I've always wanted this blog to be a place for me to talk frankly about publishing a book. The highs and lows. The complications. In the spirit of that honesty, I wanted to use this opportunity to show you that sometimes, things don't go exactly as you envisioned them – but also that it's sometimes for the best. 

Various things that are out of an author's control can delay the publication of a book. Originally, I thought Bloomsbury had chosen to delay the release for some of those reasons. However, I have concluded that this delay is, in part, because The Song Rising's first draft was not as strong as it should have been. I didn't realise that at the time, but when I looked back on recently, I could see that it was lacking a strong core. There was a lot of great material, but something was just . . . not there. I felt the same reading it as I did when I read a very early version of The Mime Order, which I scrapped and never sent to Bloomsbury. It was like all the flesh and muscle and bone was there, but something was missing to bind them together. In hindsight, I think the root cause of this was simply that I rushed to send it to my publisher as soon as I'd finished a first draft – and it was literally a first draft, with minimal self-editing. It was hot off the keyboard when it landed in my editor's inbox. I raced to send it off because I didn't want my readers to have to wait a year and a half for the next book in the series. I assumed my editor would get back to me at top speed, as she did with The Mime Order. I desperately wanted Book 3 to come out in early or mid-2016. As a result, I sent Bloomsbury a draft that could have been better, which meant that my editor took longer to get through it and get back to me, which negated any time I'd saved by rushing to send it to her. Cue the long wait for notes and multiple rounds of edits that I've had to do over the past few months. I now recognise that if I'd taken a month or two to do a few self-edits beforehand, things may have moved faster. 

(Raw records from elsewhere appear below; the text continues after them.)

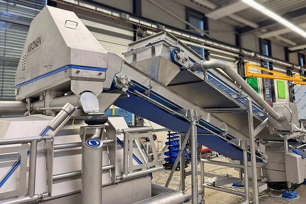 A new GEWA 4000 B PLUS washer was added, equipped with a fine-particle removal system, water management and recycling features, an insect drum, and a circulation pipe system adapted for the facility's tubular heat exchanger. Its discharge belt includes a suction unit to begin water removal. Washed product transfers directly onto the buffer belt of the drying system.
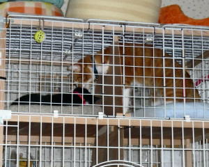 茶太は真ん中の仕切りを体が通るくらいまで大きくしてしまいました。上から覗き込んでは小豆をなめたり、手で尻尾を触ったりしています。小豆のところに行きたいのですが、なかなか壁は乗り越えられないようです
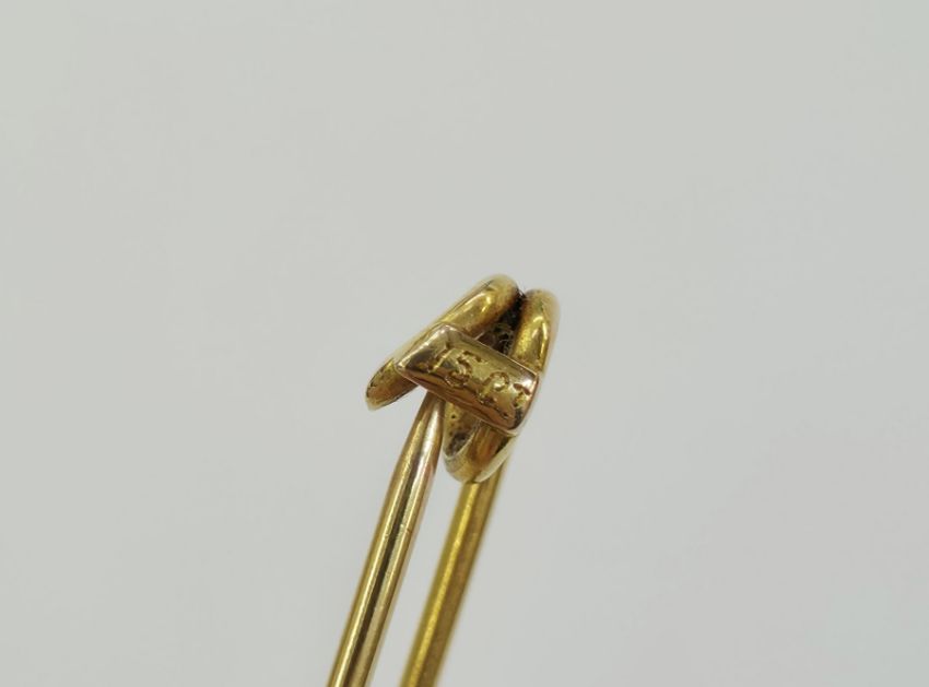 15ct gold and pearl bar brooch set with a single pearl of approx 6.3mm diameter, 5cm long, approx weight 3.3g
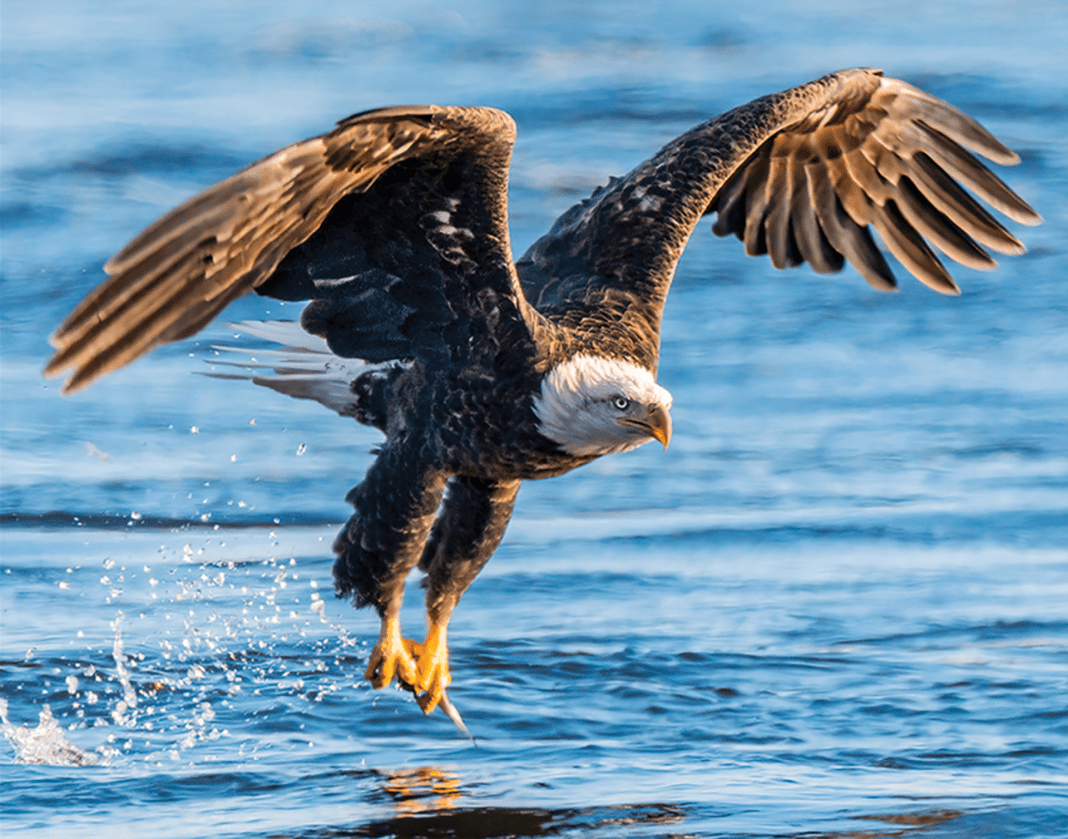 From December through February, Missouri’s winter eagle watching is spectacular. Because of Missouri’s big rivers, many lakes, and abundant wetlands, the Show-Me state is one of the leading lower 48 states for bald eagle viewing. Each fall, thousands of these great birds migrate south from their nesting range in Canada and the Great Lakes states to hunt in Missouri. Eagles take up residence wherever they find open water and plentiful food. More than 2,000 bald eagles are typically reported in Missouri during winter.

In short, by trying to get the book to my readers quickly, I slowed things down. Lesson learned.  

So here's what's happening now. The finished manuscript is due for April, and I'm on target, so I am nearly there. I am working around the clock, feeding myself mostly on Lucozade, to ensure I don't miss these final deadlines.

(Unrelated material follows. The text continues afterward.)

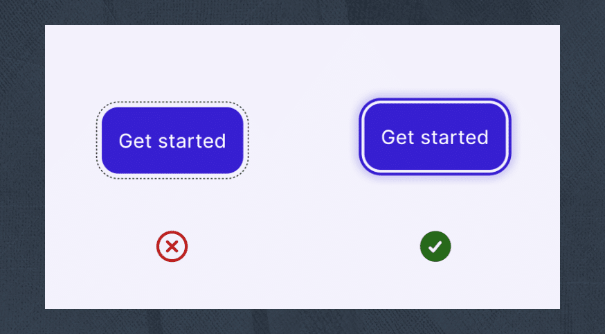 - Use a solid 2px (minimum) outline around the component.
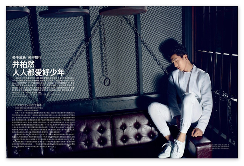 井柏然人人都愛(ài)好少年,一個(gè)喜歡吃小雞燉蘑菇的東北萌,其實(shí)更喜歡宅在家里發(fā)呆、放空、打電動(dòng);一個(gè)時(shí)尚圈頻頻亮相的質(zhì)感偶像,也會(huì)畫風(fēng)突變做個(gè)鬼臉、編個(gè)小曲兒,笑倒眾人;《相愛(ài)穿梭千年》中溫潤(rùn)如玉的公明、《失孤》中干凈俊朗的少年,參加真人秀又變身地主家的傻兒子,《捉妖記》里直接搞大肚子生起孩子。有人夸他低調(diào)、樂(lè)觀、性格好,有人愛(ài)他幽默、自然、有點(diǎn)萌,有人因他秀氣的字體被圈粉,有人單憑他高顏值好氣質(zhì)就為之傾倒,采訪時(shí)他貼心的全程手捧錄音筆,單憑這件“小事”或許你就能愛(ài)上他。

Now, you may be asking, ‘Why can't they just publish it in April or May?’ Well, they technically could, but publishers also need a while to promote an upcoming book. First, the finished manuscript has to be presented to, and read by staff at the publishing house; then it has to go out to early readers, bloggers, media, and so on – all sorts of things to make people aware that the book exists, and that it's coming out, and that they can read it soon. It also needs to come out at a time of the year when the publisher feels it will sell well; it can't just be shoehorned into the calendar at the earliest possible time. 

You can think of these in-between months, the bridge between finished manuscript and publication, as the book warming up before a race. It's preparing to go into readers' hands, and it needs the best possible start.   

On a personal level, I've come to understand that I need to accept my boundaries as an author. I pour my whole heart and soul and life into my books. When my publisher first told me that it would have to come out in March 2017, I was distraught. I had been working so hard to get the book finished, and I have always wanted to be the sort of author who could get them out on a yearly basis – but sometimes, certain stories take a while to tell. And The Song Rising has been one of those stories. Blood, sweat and tears have gone into getting this book right. It's more ambitious than The Bone Season and The Mime Order in terms of its scope, set in three different cities and dealing with many different characters and factions, so it was always going to take slightly longer to tease out and refine. It's the book that lifts the series onto the global stage, where the stakes are much higher. It's taken me a long time to accept that a larger story might take longer to get right; I equated being a bit slower with failure, and I shouldn't have. 
Something I've finally learned from this experience, which I'd like to pass on to any aspiring writers reading this blog post, is that it's okay, and usually the best approach, to take your time when you're creating.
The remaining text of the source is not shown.